Using the material below, repeat exactly the lines from the one with "ユーカリ林一成毅范丞丞は大三寸スターの周辺応援物のサインカードを撮影しました。" through the one with "白树全以《铸牢中华民族共同体", ends included, without any images.

■ Information
○ ○ ○ ○

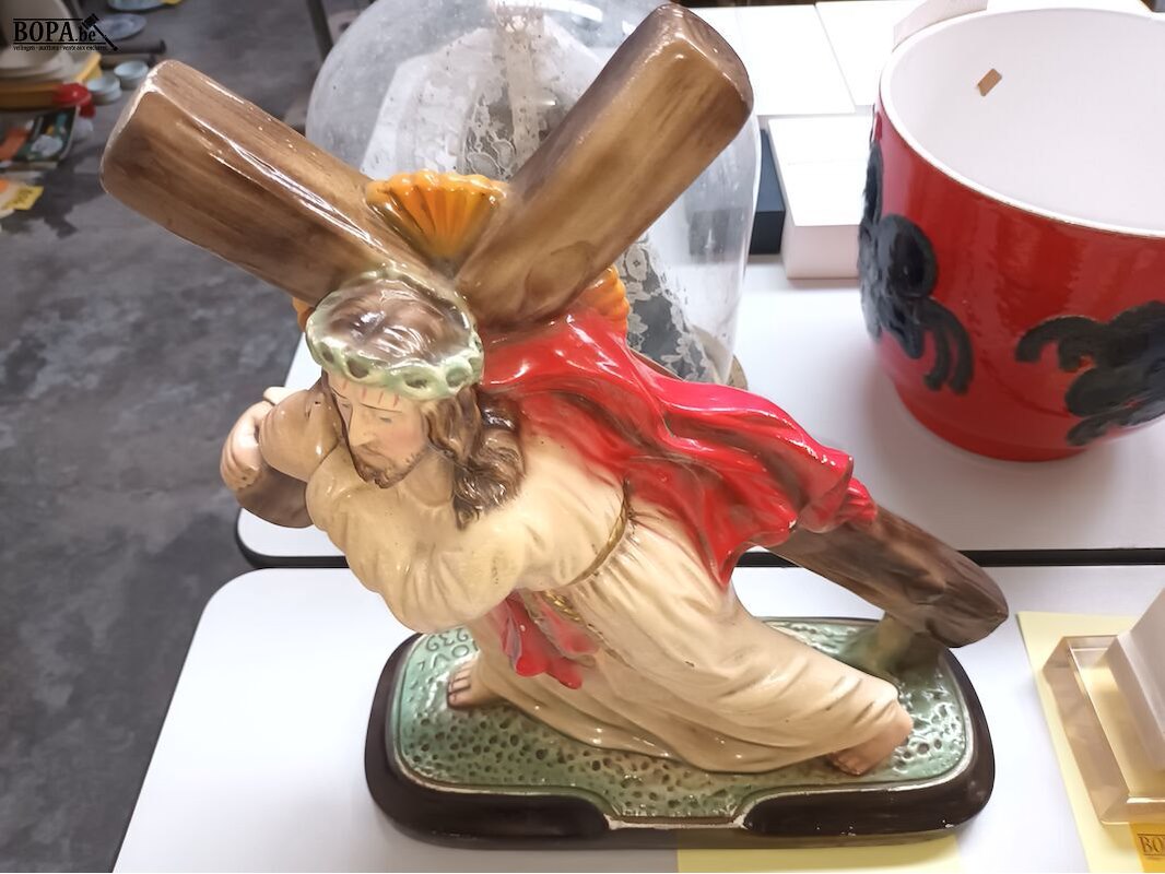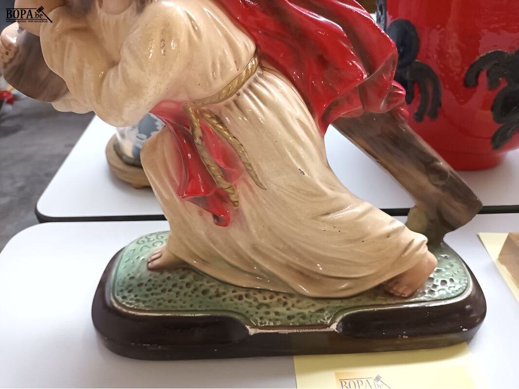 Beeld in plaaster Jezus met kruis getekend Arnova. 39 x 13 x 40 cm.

○ ○ ○ ○

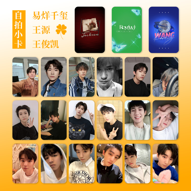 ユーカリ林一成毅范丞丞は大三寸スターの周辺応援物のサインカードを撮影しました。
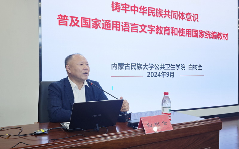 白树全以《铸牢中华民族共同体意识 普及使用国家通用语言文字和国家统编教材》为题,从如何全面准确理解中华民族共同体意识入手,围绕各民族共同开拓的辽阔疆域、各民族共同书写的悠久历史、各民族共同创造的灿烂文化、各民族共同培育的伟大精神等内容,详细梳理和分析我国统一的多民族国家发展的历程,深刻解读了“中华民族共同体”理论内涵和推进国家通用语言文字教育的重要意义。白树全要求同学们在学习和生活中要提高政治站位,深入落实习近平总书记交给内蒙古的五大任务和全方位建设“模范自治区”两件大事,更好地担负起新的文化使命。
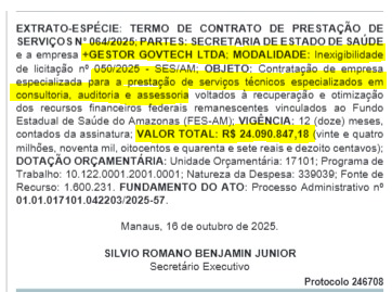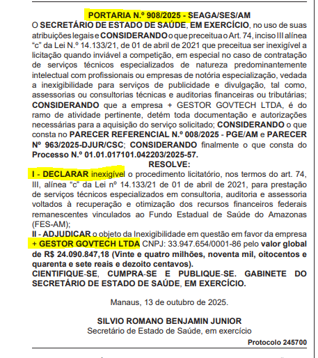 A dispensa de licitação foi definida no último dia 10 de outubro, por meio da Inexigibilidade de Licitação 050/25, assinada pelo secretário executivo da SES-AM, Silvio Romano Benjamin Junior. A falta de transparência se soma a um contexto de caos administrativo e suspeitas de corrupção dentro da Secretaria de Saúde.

○ ○ ○ ○

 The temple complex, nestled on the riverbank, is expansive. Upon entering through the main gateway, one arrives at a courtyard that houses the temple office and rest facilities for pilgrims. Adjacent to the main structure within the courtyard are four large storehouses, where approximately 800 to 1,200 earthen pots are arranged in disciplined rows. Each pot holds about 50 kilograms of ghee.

○ ○ ○ ○

■ Exercise solution
 ユーカリ林一成毅范丞丞は大三寸スターの周辺応援物のサインカードを撮影しました。
 白树全以《铸牢中华民族共同体意识 普及使用国家通用语言文字和国家统编教材》为题,从如何全面准确理解中华民族共同体意识入手,围绕各民族共同开拓的辽阔疆域、各民族共同书写的悠久历史、各民族共同创造的灿烂文化、各民族共同培育的伟大精神等内容,详细梳理和分析我国统一的多民族国家发展的历程,深刻解读了“中华民族共同体”理论内涵和推进国家通用语言文字教育的重要意义。白树全要求同学们在学习和生活中要提高政治站位,深入落实习近平总书记交给内蒙古的五大任务和全方位建设“模范自治区”两件大事,更好地担负起新的文化使命。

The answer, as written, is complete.